How to Import a CSV in Redshift
Importing a CSV into Redshift requires you to create a table first. Duplicating an existing table's structure might be helpful here too.
The easiest way to load a CSV into Redshift is to first upload the file to an Amazon S3 Bucket. You can follow the Redshift Documentation for how to do this.
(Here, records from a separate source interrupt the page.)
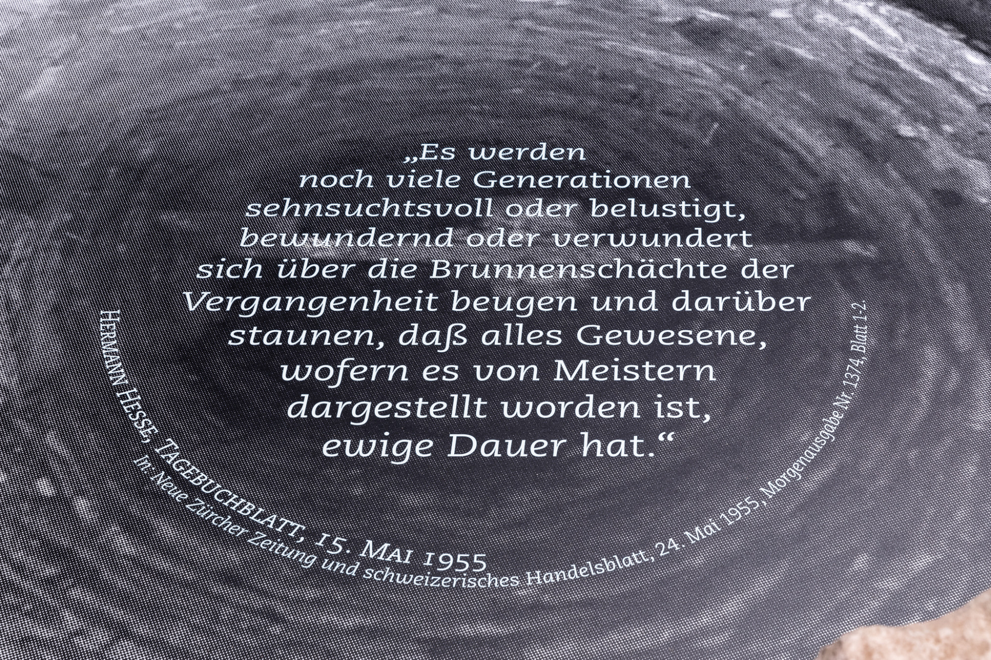 Die Ausstellungsarchitektur orientiert die sich im Grundriss an den Bogensegmenten eines Brunnens, die gebogenen Wände sind hintereinander gestaffelt. Im Zentrum befindet sich eine Projektion, in der die Besucher:innen das Abseilen in die Tiefe des Brunnens nachvollziehen können. Hierfür wurden Originalaufnahmen aus dem Brunneninneren zu einer Filmsequenz animiert.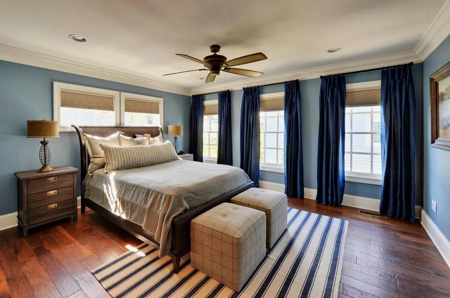 Оттенки синего цвета ассоциируются с морем и чистым небом, создают уют и тепло в спальне. Используются как насыщенные, так и пастельные тона синего цвета.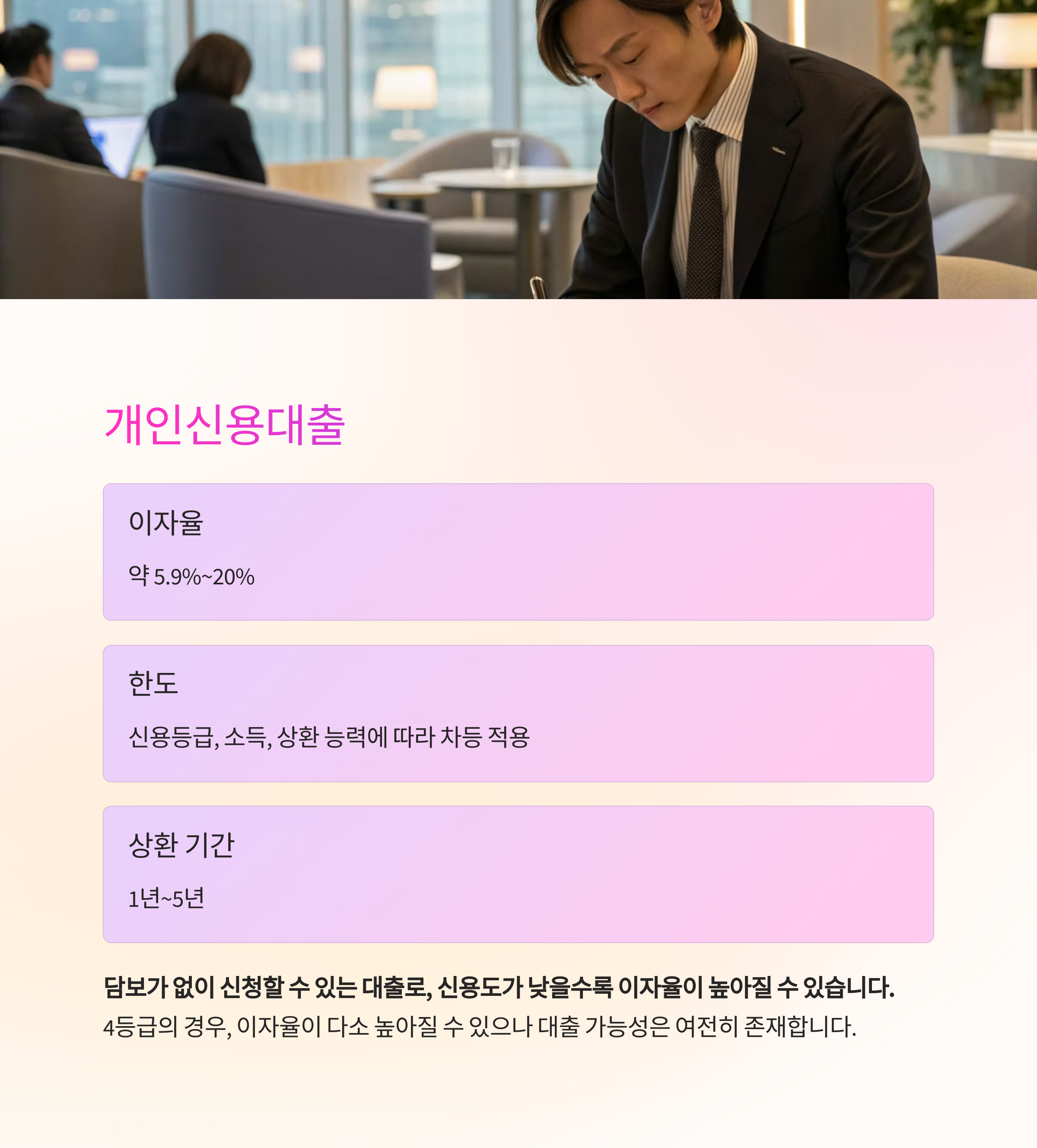 여기서는 4등급 신용을 고려한 주요 대출 상품을 정리했습니다.

After that you can use the COPY
command to tell Redshift to pull the file from S3 and load it to your table.
COPY table_name
FROM 's3://<your-bucket-name>/load/file_name.csv'
credentials 'aws_access_key_id=<Your-Access-Key-ID>;aws_secret_access_key=<Your-Secret-Access-Key>'
CSV;
Note that you need the CSV
keyword at the end, else Redshift will assume that the file contents uses the pipe character (|) as delimiter.
If your CSV file has a different column arrangement as the table or does not contain all columns, you need to specify a column list:
COPY table_name (col1, col2, col3, col4)
FROM 's3://<your-bucket-name>/load/file_name.csv'
credentials 'aws_access_key_id=<Your-Access-Key-ID>;aws_secret_access_key=<Your-Secret-Access-Key>'
CSV;
Finally, if the file has header rows to be ignored, you can specify the number of lines to be skipped:
-- Ignore the first line
COPY table_name (col1, col2, col3, col4)
FROM 's3://<your-bucket-name>/load/file_name.csv'
credentials 'aws_access_key_id=<Your-Access-Key-ID>;aws_secret_access_key=<Your-Secret-Access-Key>'
CSV
INGOREHEADER 1;
For a complete list of options for COPY
, please refer to the Redshift COPY Command Specification.